# church lighting



## Galt (Sep 11, 2013)

Anyone have a good source for larger light fixtures. Seems hard to find a site with any prices.


----------



## Speedy Petey (Jan 10, 2007)

Church lighting is a very specialized field. Huge gothic fixtures, long chains. By this I mean a real church, not one of those new construction churches that look like an office building or retail space.

Did you even try a Google search for "church lighting"? I just did and brought up several good links right at the top. Typically these things are semi-custom, which is why you'll usually see "call for prices".


----------



## MikeFL (Apr 16, 2016)

What part of a church do you want to light?
How old is the building?
What is the style of architecture?


----------



## Galt (Sep 11, 2013)

There are 9 large tubes 1 foot in diameter a cathedral ceiling about 50x80.


----------



## macmikeman (Jan 23, 2007)

Another source for those type of lights is when the local Spaghetti Factory restaurant closes down and they have an auction. That place has awesome light fixtures.


----------



## MDShunk (Jan 7, 2007)

Speedy Petey said:


> Church lighting is a very specialized field. Huge gothic fixtures, long chains. By this I mean a real church, not one of those new construction churches that look like an office building or retail space.
> 
> Did you even try a Google search for "church lighting"? I just did and brought up several good links right at the top. Typically these things are semi-custom, which is why you'll usually see "call for prices".


+1

The Thomas Registry has (or had) sections on specialist church lighting companies. Often, they are foundries. I can't recall any particular ones off the top of my head, but be prepared for sticker shock. 10 grand a fixture isn't unusual.


----------



## MikeFL (Apr 16, 2016)

Galt said:


> There are 9 large tubes 1 foot in diameter a cathedral ceiling about 50x80.

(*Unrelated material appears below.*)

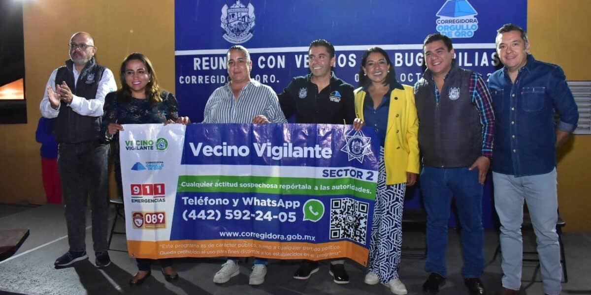 Roberto Sosa Pichardo, presidente municipal de Corregidora, se reunió con habitantes del condómino Bugambilias, del Fraccionamiento Camino Real, durante una asamblea realizada como parte de los trabajos del programa Vecino Vigilante, que implementa la Secretaría de Seguridad Pública Municipal, además de llevar a cabo acciones de reforestación en el lugar. Acompañado por integrantes de su equipo de trabajo y legisladores

Do you want to replace the lighting? Supplement it? Are you looking to match the same lights you have now? Do you have a picture?


----------



## sbrn33 (Mar 15, 2007)

Be very careful when doing anything for a church. Much less lighting the main area. 

What you have to remember is every church has a board. Working with boards sucks. 
First thing I would do is ask them a budget. You are easily talking $5K per fixture. 

The nice thing is churches don't pay taxes and milk their older member out of most of their money so they do have a ton of free money to spend and this is the kind of project they love. 

You are going to have at least ten fixtures, this could very well be a $100K job if you can put up with the board.


----------



## tmessner (Apr 1, 2013)

When you specify church lighting get ready for inflation!!!. Also beware of mfg lighting layouts. we ended up with 15 - 20 fc instead of the 30 we were looking for. The mfg gave bad specs to the supply house lighting designer. Thankfully the supply house stepped up and helped out. We were able to find some higher wattage led R40 floods for the bottom lamp and get close to what we wanted. Also pay close attention to color of the lamp for example the warm fuzzy feeling from 2700K, or the easy to see and read 5000K.


----------



## flyboy (Jun 13, 2011)

I would just install long burning candles and be done with it.


----------



## brodgers (Aug 5, 2007)

Check out Manning Lighting -- http://www.manningltg.com/index.html


----------



## Chiuer (Jul 27, 2018)

Do you need to light the church indoor or outdoor lighting? we have customer to retrofit church outdoor lighting before in Ohio.


----------



## Speedy Petey (Jan 10, 2007)

MDShunk said:


> ......10 grand a fixture isn't unusual.


Here is a search filter I saw on one site:

Price 

 $0 - $10000
 $10000 - $20000
 $20000 - $30000
 $30000 - $40000
 $40000 - $50000
 $50000 - $60000
 $60000 - $70000
 $70000 - $80000
 $80000 - $90000


----------